本发明公开了一种钒合金板料的拉深成形方法。该方法包括步骤:钒合金板料进行真空退火处理;在钒合金板料下设置一层不锈钢垫板;对钒合金板料及模具用润滑剂进行润滑;对钒合金板料及不锈钢垫板分次拉深成形。本发明的钒合金板料拉深成形方法的特点是不需加热,安全性好,钒合金壳体精度较高,质量稳定。

Description

一种钒合金板料的拉深成形方法
技术领域
本发明涉及一种钒合金板料的拉深成形方法。本发明适用于不宜热成形的钒合金板料或其它低塑性板料的拉深成形。
背景技术
钒合金在国际上被公认为是聚变反应堆某关键结构部件的理想候选材料,最显著的优点是在中子辐照条件下的低激活特性和优良的高温强度性能。此外,钒合金还具有良好的抗辐射诱变膨胀与损伤、良好的尺寸稳定性、热传导性能好、较低的热膨胀系数与弹性模量、低生物危害的安全性和环保特性、较好的抗蠕变性能、良好的加工性能以及对液体锂具有良好的耐腐蚀能力等优点。因而该合金在聚变反应堆的第一壁、包层和偏滤器等结构设计中以及在航空航天、高温领域都具有广阔的应用前景。在钒合金的应用中,通常需要制成各种结构件,如空间曲面壳体等。由于钒合金在高温下会产生V2O5,这是一种剧毒物质,因此,材料制备过程中如铸锭开坯、挤压等通常采用真空包套锻造的方法,如果壳体成形也采用这种方法,由于其变形量大,存在包套破裂释放有毒物质的风险,而且工艺较为复杂,余量大,成本很高。而采用普通的常温拉深成形,由于钒合金塑性较差,粘性大,在模具工作面形成大量的积屑瘤,增大了摩擦力,容易产生破裂,产品合格率很低。
发明内容
本发明要解决的技术问题是提供一种钒合金板料的拉深成形方法。
本发明的钒合金板料的拉深成形方法,其特点是:该方法包括如下步骤:
(a)钒合金板料进行真空退火处理;
(b)在钒合金板料下设置一层不锈钢垫板;
(c)对钒合金板料及模具用润滑剂进行润滑;
(d)对钒合金板料及不锈钢垫板分次拉深成形。
步骤a钒合金板料退火是在真空炉中进行的,真空度0.1 Pa~0.01Pa,退火温度900℃~950℃。
步骤b中的不锈钢垫板的厚度为1 mm~3 mm。
步骤c中润滑剂采用动物油,模具润滑部位为凹模工作部分,板料润滑部位为钒合金板料上表面与压边圈接触部分。

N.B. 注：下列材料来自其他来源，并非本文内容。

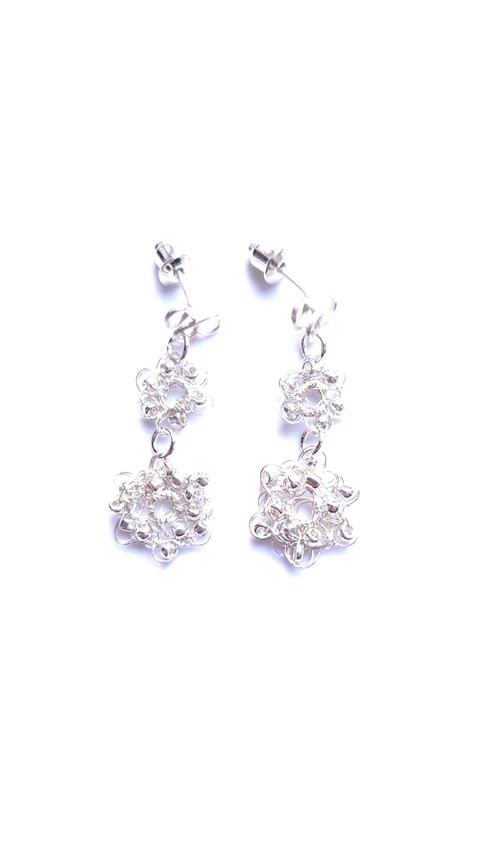 Cercei lungi floricele argintate cu margele de sticla argintii

步骤d分次拉深2~4次,根据板料硬化情况确定是否需要中间真空退火,最后一次拉深之前先取下不锈钢垫层后再继续进行拉深。
本发明采用拉深成形方法,是将一层塑性好具有一定厚度的不锈钢垫层置于钒合金板料之下进行常温拉深,可改善了摩擦及受力状态,使其变形均匀分散,从而提高了钒合金的拉深成形性能,有效地防止了钒合金板料起皱、破裂等缺陷的产生,同时也避免了热成形的安全风险,最终实现了钒合金壳体的成形。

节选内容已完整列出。